Assignment: Between the line containing "出羽 哲也ニさんの総格は26画の2点!" and the line containing "拜仁1-5落后法兰克福!4年前科瓦奇因相正比分输法兰克福下课!" lies a run of lines; give that run again exactly, with both of those lines, and nothing else from the entries below.

Records to process:
+++++
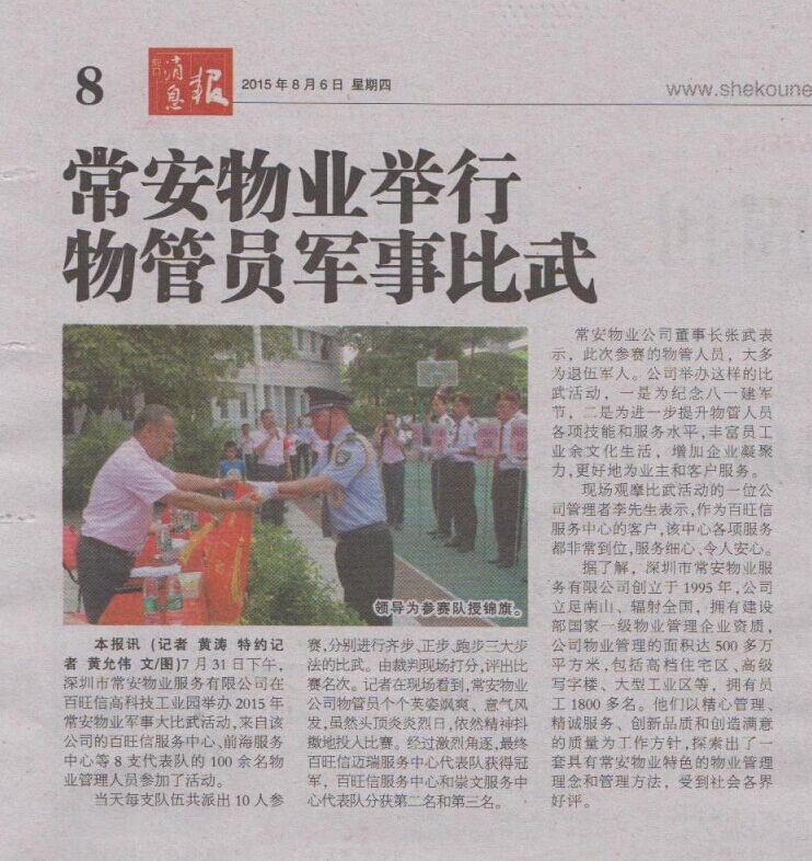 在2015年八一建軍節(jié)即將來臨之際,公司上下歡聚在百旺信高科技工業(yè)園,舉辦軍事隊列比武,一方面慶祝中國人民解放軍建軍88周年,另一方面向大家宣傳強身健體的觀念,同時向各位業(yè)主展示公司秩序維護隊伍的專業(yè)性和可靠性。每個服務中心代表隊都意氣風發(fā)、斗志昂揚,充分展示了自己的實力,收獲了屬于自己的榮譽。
+++++
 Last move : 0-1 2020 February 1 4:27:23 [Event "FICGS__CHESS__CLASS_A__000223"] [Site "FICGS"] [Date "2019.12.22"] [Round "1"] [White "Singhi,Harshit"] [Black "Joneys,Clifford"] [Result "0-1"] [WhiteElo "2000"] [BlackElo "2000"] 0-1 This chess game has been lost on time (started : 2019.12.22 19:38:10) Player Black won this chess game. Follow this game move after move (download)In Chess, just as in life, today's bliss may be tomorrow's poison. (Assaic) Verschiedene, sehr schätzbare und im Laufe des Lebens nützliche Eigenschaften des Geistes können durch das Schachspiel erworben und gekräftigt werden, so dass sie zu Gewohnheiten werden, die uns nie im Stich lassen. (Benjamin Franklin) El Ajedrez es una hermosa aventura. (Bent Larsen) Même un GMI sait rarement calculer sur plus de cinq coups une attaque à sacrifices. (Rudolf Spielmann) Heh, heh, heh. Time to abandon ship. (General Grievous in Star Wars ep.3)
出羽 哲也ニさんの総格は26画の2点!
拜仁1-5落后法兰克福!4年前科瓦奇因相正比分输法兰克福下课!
+++++
Expected answer:
出羽 哲也ニさんの総格は26画の2点!
拜仁1-5落后法兰克福!4年前科瓦奇因相正比分输法兰克福下课!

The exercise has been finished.